というのは、こちらでも別の箇所を引用した「よみがえる神武天皇https://amzn.to/2zOLp3m」の一節ですが。
ギシワジンデンについてもう少し補足しておくと、魏呉蜀の『三国志』全65巻のうちの『魏志』全30巻のうちの最後の第30巻が「烏丸鮮卑東夷伝」。その一番最後が「倭人条」です。
『三国志』の中の『魏志』の中の「最終巻」の中の最後の一章……。
つまるところ、『魏志倭人伝』などという「本」は存在しない。ありもしない「本」があたかも存在するかのような「嘘」(とまではいわないにしても誤解を招く表現)を書いているのが、日本の教科書だと、言って言えないことはないかもしれません。

同書には岡田英弘氏の「日本とは何か https://amzn.to/2QtqY66」を紹介しつつ、魏志の成立事情、その政治的ご都合主義について解説した箇所もあります。
 司馬懿は238年の正月に遠征軍を率いて出発した。これが卑弥呼が帯方郡に使いを送る前年のことなのである。
司馬懿は1年の短期決戦を計画した。途中に大雨もあり苦戦するが、投石器や矢による猛攻で勝利を得、公孫淵を惨殺する。
238年の8月のことであり、これによって、司馬懿は逃げてばかりいた将軍の汚名も返上し、凱旋将軍として帰還する。

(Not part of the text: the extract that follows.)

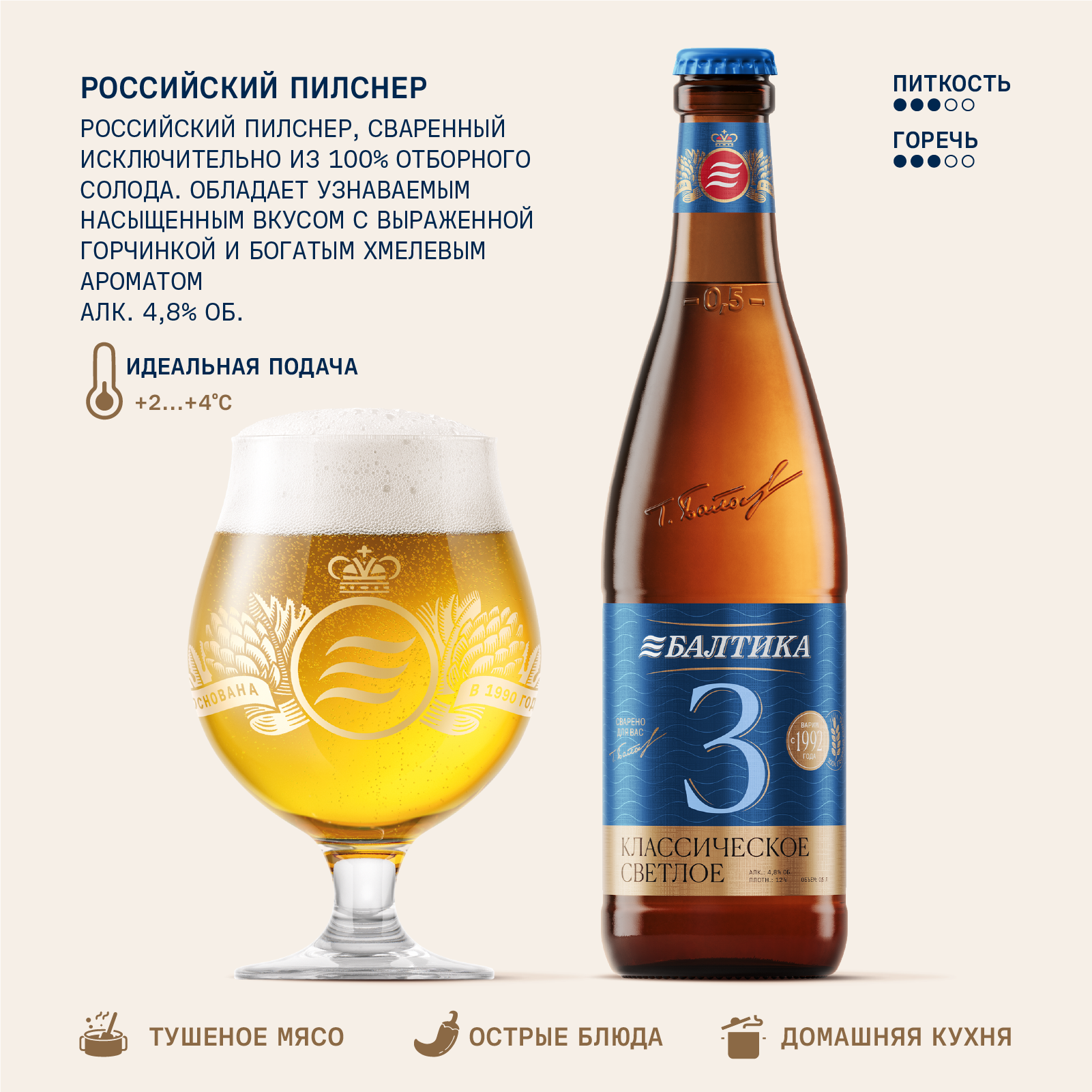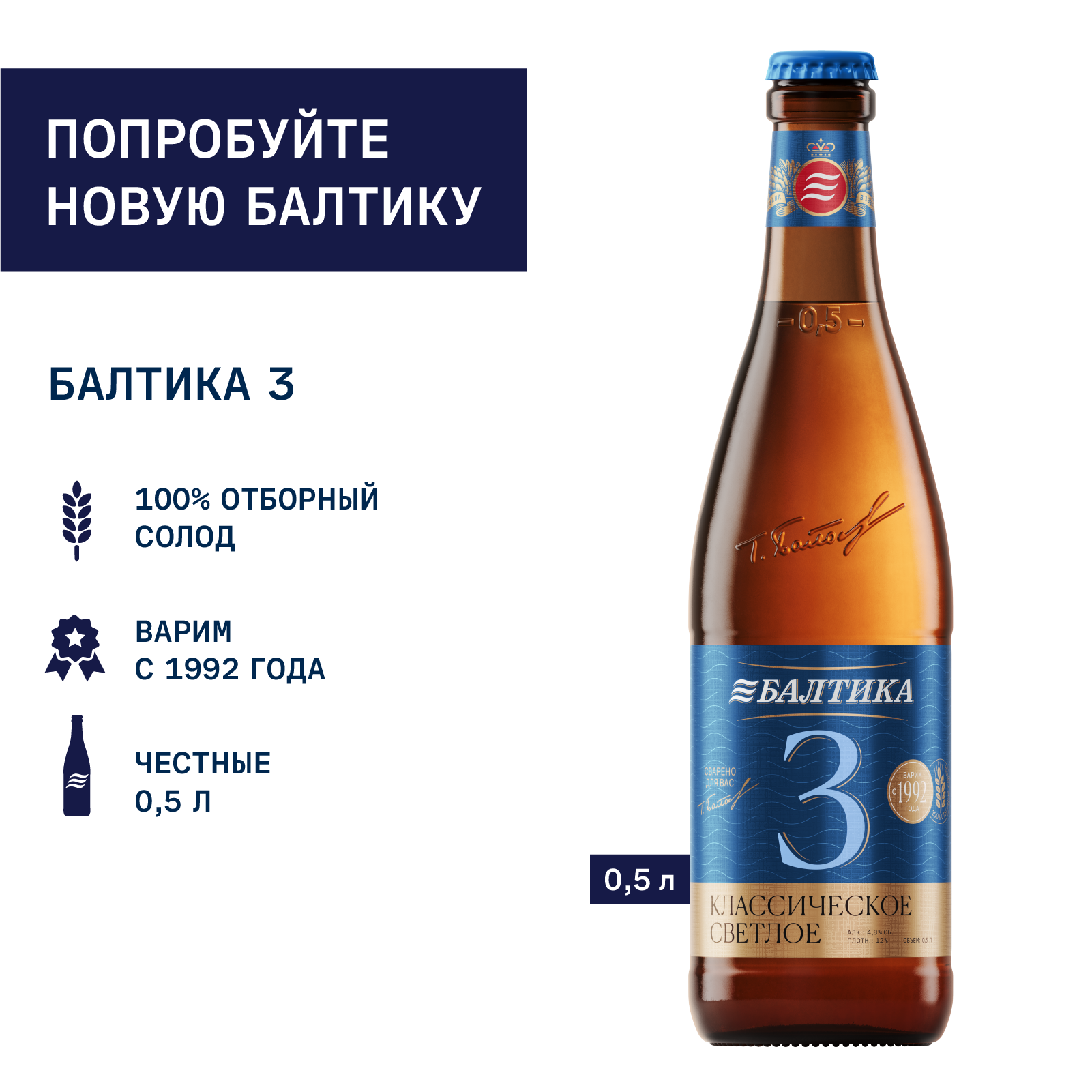 Балтика №3 — это классический светлый лагер, сваренный исключительно из 100% российского солода,
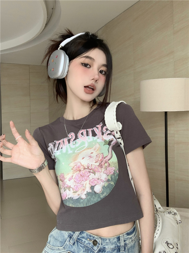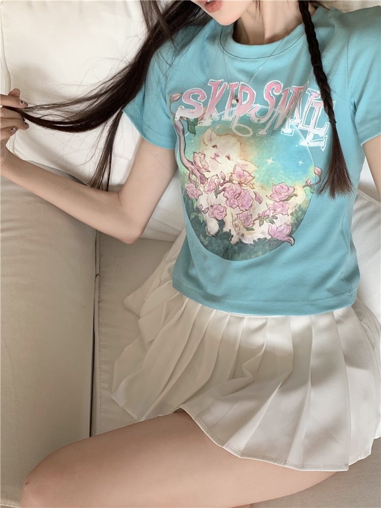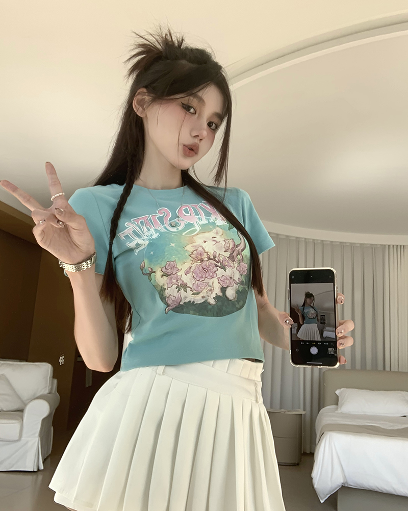 PF3653#羊羊花朵印花短袖tee甜辣妹修身减龄百搭圆领上衣

 しかし帰ってみると明帝は病の床にあり、翌289年1月には亡くなってしまった。前帝の死に際と同様、司馬懿は明帝から、後継者で当時、斉王であった「曹芳(8歳)をよろしく頼む」と遺言を受け、曹真の息子の曹爽と並んで摂政に地位についた。
 こうした状況の中で、この年(239年)の6月に卑弥呼の使いが旧公孫淵領の帯方郡に入り、12月には洛陽に入るのである。
 魏の国は卑弥呼の使者の難升米一行を最高の待遇でもてなした。当然であろう。プロデューサーは新しく摂政となった司馬懿である。公孫淵の討伐は自らの生涯で初めてあげた大戦果だ。しかもそれによって公孫淵がふさいでいた遼東の向こう側にある国々との外交ルートが開けた。そしてそのはるか遠方の国から、「皇帝の徳を慕って」倭国の卑弥呼が使いを送ってきたのだ、司馬懿の功績を天下に誇示する絶好の機会である。

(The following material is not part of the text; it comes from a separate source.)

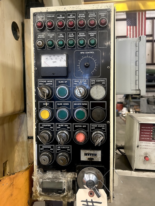 Preliminary :, 5.91" STROKE, 3.15" POWERED RAM ADJUSTMENT, 13" SHUT HEIGHT OVER BOLSTER, 35-80 SPM, 22.05" X 21.65" BED, AIR CLUTCH, AIR BRAKE, AIR COUNTERBALANCE, HYDRAULIC OVERLOAD, PALM BUTTONS, 1999, LIGHT CURTAINS, WELL MAINTAINED, CAME OUT OF RUNNING SERVICE!, AVAILABLE FOR INSPECTION UNDER POWER, AVAILABLE ...more
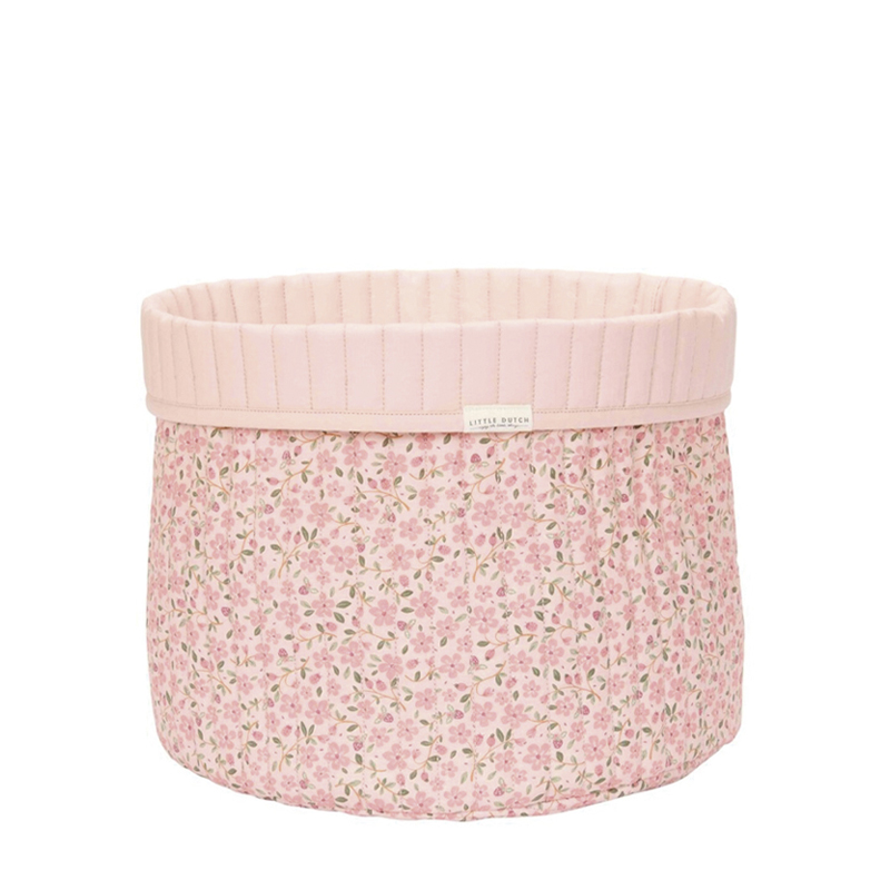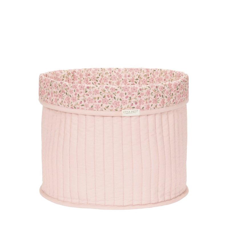Mantén la habitación del bebé organizada y ordenada con esta cesta de almacenamiento. Está fabricada en algodón acolchado, es reversible y tiene un bonito diseño de flores por un lado y un color rosa claro por el otro.

『魏志倭人伝』だけを読んでいると卑弥呼が魏に使いを送ったことはわかるが、魏から見てそれがどういう意味があるか、どれくらいの重要度かがよくわからない。
 ところが実は魏にとっても「親魏倭王」という卑弥呼に与えた称号は、周辺国への称号として最高のものなのである。「親魏○○王」とは魏の友好国たる○○国の王、という意味だが、魏の50年弱の歴史でこの称号を与えたのはこのときを含めて2度しかない。
それだけ魏は邪馬台国を重視した、というより、司馬懿が大きなイベントにした、というほうが正しいであろう。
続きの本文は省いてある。